ISIL shooting attack on a bus in Afghanistan

On 12 September 2024, fifteen people were killed and three others were injured by four IS–KP militants near Qorodal village of Daykundi Province in Afghanistan. All of the victims were Hazara Shi'ites.

==Attack==
On 12 September, seventeen men left Qorodal on a minibus and motorcycles for Khamsafid in Ghor Province to pick up a village elder and his wife, who had returned from their Arba'in pilgrimage in Karbala, Iraq. Along the way, outside of Palosang, the group was stopped by four armed masked Islamic State militants, who claimed to be with Taliban government security forces. After searching the group and taking their mobile phones, the militants told the group that they were looking for thieves and had to photograph them to confirm their identities. After taking a photo of one member of the group, one militant told the other men that they should line up for a group photo. As two of the militants held phones, set to record videos, the other two militants opened fire on the group. A survivor, who had run from the scene and played dead in a ditch after being shot in the leg, recounted the men kicking and shooting those who were wounded by gunfire, laughing as they did so, also calling the group infidels and polytheists. Four children who had accompanied the adult victims were spared and ordered to leave the scene. When the attack was over, the four men fled to Ghor Province on their motorcycles.

==Victims==
The victims were all ethnic Hazara Shi'ites. Most were farmers from Qorodal, while one was a dentist from Ghor Province. Hours after the shooting, IS-K claimed in social media posts that fifteen people had been killed and six injured. Independent sources reported fourteen fatalities and four injured. Thirteen victims were buried in a public ceremony in Qorodal on 13 September. By 24 September, one injured man had died of his wounds, bringing the death toll to fifteen.

== Responses ==
The Taliban government condemned the attack. In the immediate aftermath, victims' families' stated that the Taliban did not investigate the incident and had ignored a series of targeted attacks against Shia Hazaras.

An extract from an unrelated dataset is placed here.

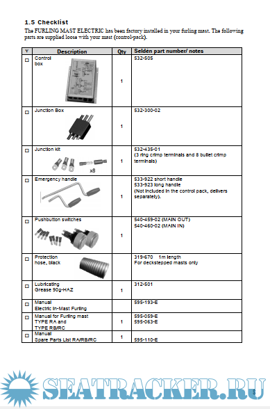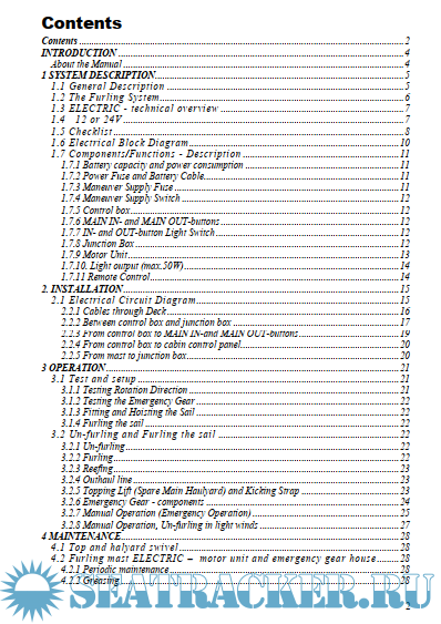 Год выпуска: 2014 Язык: английский Автор: Seldén Group Жанр: Руководство Издательство: Seldén Group Формат: PDF Качество: Отсканированные страницы + слой распознанного текста Количество страниц: 52 Описание: INTRODUCTION About the Manual To obtain the maximum benefit and enjoyment from your Seldén FURLING MAST ELECTRIC we recommend that you study this manual carefully. The manual is divided into four sections. One is a GENERAL DESCRIPTION of the system and of the included electrical and mechanical parts. The second section is dealing with INSTALLATION (the electrical components) of a system mounted on a new furling mast, and the third one describes how to OPERATE the system. The fourth section is about MAINTENANCE, and finally the fifth section describes installation of a FURLING MAST ELECTRIC unit on an F-mast already equipped with a Seldén manual furling system. This manual is a supplement to the “Manual for Furling Mast TYPE RA” (595-059-E) and “Manual for Furling Mast TYPE RB Mk II/RC Mk II” (595-063-E). The appropriate manual is included in your FURLING MAST ELECTRIC-documentation. To install and operate the system both this manual and the actual manual mentioned above, are required. This manual covers FURLING MAST ELECTRIC RA(12V), RB(12V), RC(12&24V) Доп. информация: МАТЕРИАЛ ВЫЛОЖЕН ИСКЛЮЧИТЕЛЬНО В ОЗНАКОМИТЕЛЬНЫХ ЦЕЛЯХ! Другие мои раздачи: https://seatracker.ru/tracker.p...id=13371#results

On 13 September, United Nations secretary general António Guterres and United Nations Assistance Mission in Afghanistan issued statements calling the attack "atrocious" and holding the Taliban accountable for the investigation and stronger protection of civilians in the future. The same day, Taliban spokesperson Zabihullah Mujahid stated that the government was actively searching for the perpetrators and committed to safeguarding the general population.

Afghanistan International reported that the gunmen used American-issued weaponry, noting that the arsenal was mostly controlled by the Taliban, who, at the time, denied Islamic State presence in Ghor Province.